In contrast to the therapeutic cancer vaccines described previously, some vaccines used in the treatment of cancer do not deliver defined tumor antigens to generate anti-tumor immunity, but nevertheless, generate an immune response. The Bacillus Calmette-Guérin (BCG) vaccine is typically used to fight against tuberculosis (TB). This vaccine uses weakened bacteria to stimulate an immune response. It became the first approved immunotherapy in 1990 by the FDA and is often used as treatment of early-stage bladder cancer. BCG is put into the bladder and once it comes in contact with the bladder cancer cells, it triggers the immune response.

Another cancer vaccine that involves strategies to modify or inflame tumor cells by intratumoral administration of oncolytic viruses is Talimogene laherparepvec (T-VEC), which was approved in 2015 by the FDA to treat advanced cases of melanoma skin cancer. This vaccine is made from herpes virus, which has several strains, some of which have been linked to different cancers. The herpes virus type 1 strain is altered in the lab to enable the body to produce cytokines, which are proteins produced by the immune system important for cell signaling, mediate and regulate immunity. T-VEC is injected directly into the tumor and as more cells replicate, it causes cancer cells to burst and die. Such dying cells release new viruses and substances that can generate an immune response against cancer cells.

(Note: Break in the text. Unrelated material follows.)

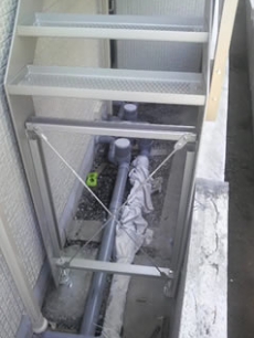 ユニット工法 ユニット工法により狭小地にも取り付け可能な鉄骨階段で工期短縮

(Source: Cancer Research Institute; American Cancer Society; Cancer Research UK; Center for Disease Control and Prevention, 2016; Vaccines for Human Diseases, 2020; Clinical Cancer Research, 2020)

Side Effects to Cancer Vaccines

Depending on the type of vaccine administered and its target, side effects may vary. Often times, the vaccine may result in misdirected immune responses, targeting the patient’s healthy cells as well that express the same protein markers. Cancer vaccines may also cause flu-like symptoms such as: fever, chills, weakness, dizziness, nausea, muscle and joint pain, headaches, trouble breathing and high or low blood pressure. More severe side effects to cancer vaccines are allergic reactions. More specifically, the Sipuleucel-T may cause a stroke and the T-VEC vaccine could potentially lead to the development of tumor-lysis syndrome in which the content of the tumor cells are released into the bloodstream once they die. The chemicals released may cause damage to organs in the body such as the kidney, heart and liver. T-VEC could also result in Herpes Virus infection which causes pain, burning and tingling in a blister around the mouth or fingers, eye pain, weakness in the arms and legs, extreme fatigue and mental confusion.

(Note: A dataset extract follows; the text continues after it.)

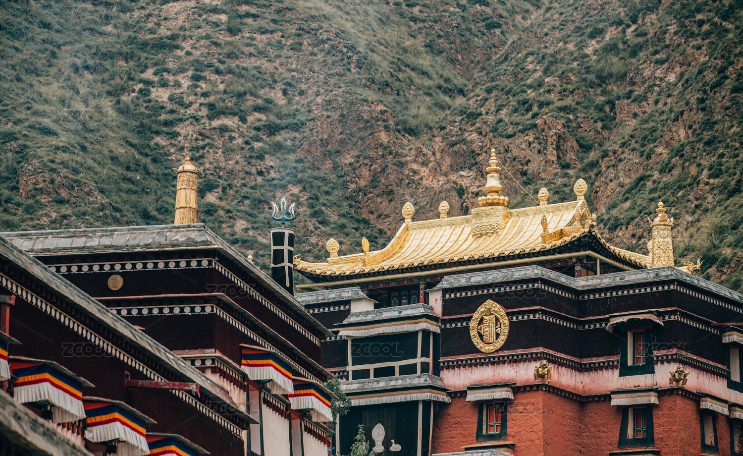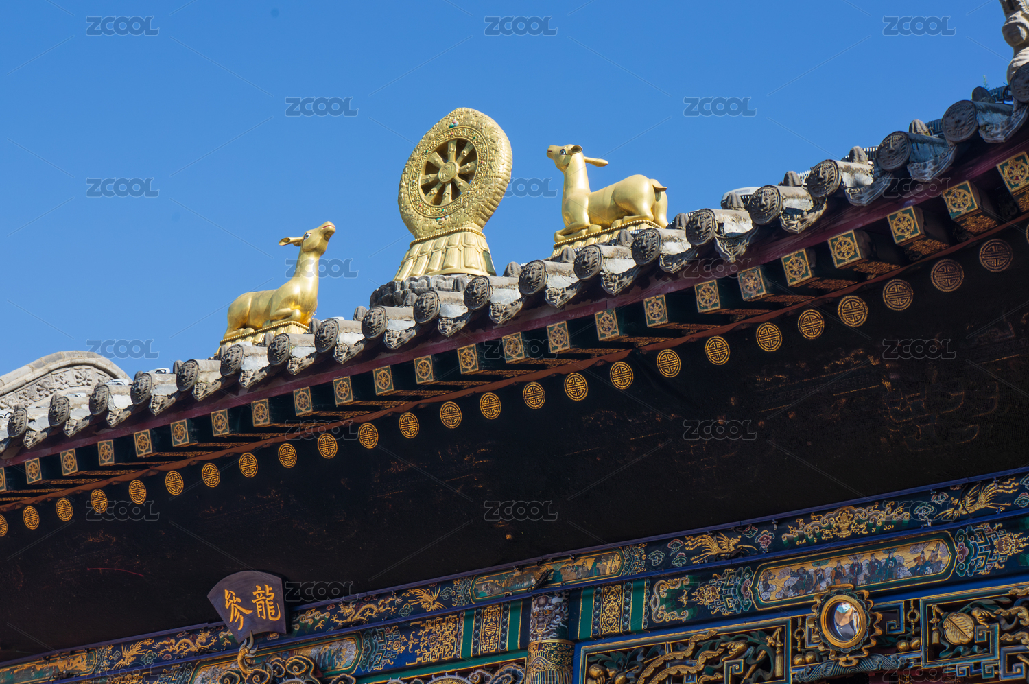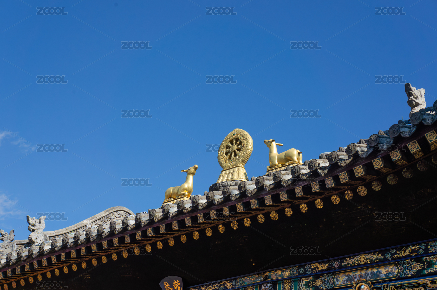 山西五臺山藏式古建筑屋頂金鹿輪裝飾

(Source: National Cancer Institute; Cancer Research Institute)

Our Work in Cancer Vaccines

JCWO is currently developing a low cost and potentially safe and effective therapeutic vaccine for breast cancer, named ConvitVax. This therapy is based on past successful experiences of Dr. Jacinto Convit with vaccines for leprosy and cutaneous leishmaniasis. For the treatment of leprosy, he injected BCG with a Mycobacterium leprae suspension, inducing macrophage activation and subsequent destruction of the bacteria. When treating patients with cutaneous leishmaniasis, he applied the same vaccine model using pasteurized leishmania promastigotes with BCG, observing regression of the injury and local disappearance of the parasite. Based on these positive results, and the similarities observed in the immune contributions to the pathology of those diseases and breast cancer, ConvitVax, a personalized therapeutic vaccine for breast cancer was proposed, combining autologous tumor cells with BCG, and low concentrations of formalin.

Preclinical studies and a pilot human experience with ConvitVax have shown that this vaccine effectively reduces tumor growth, evidenced by an extensive tumor elimination, and induces a noticeable infiltration of antitumor-related and plasma cells in the tumor microenvironment with a possible establishment of immune memory. Additionally, this immunotherapy has exhibited a safe profile with minimal side effects. Currently, ConvitVax is approved by the FDA to begin a Phase I clinical trial. Furthermore, combination studies are being studied to potentiate the antitumor effect of the vaccine.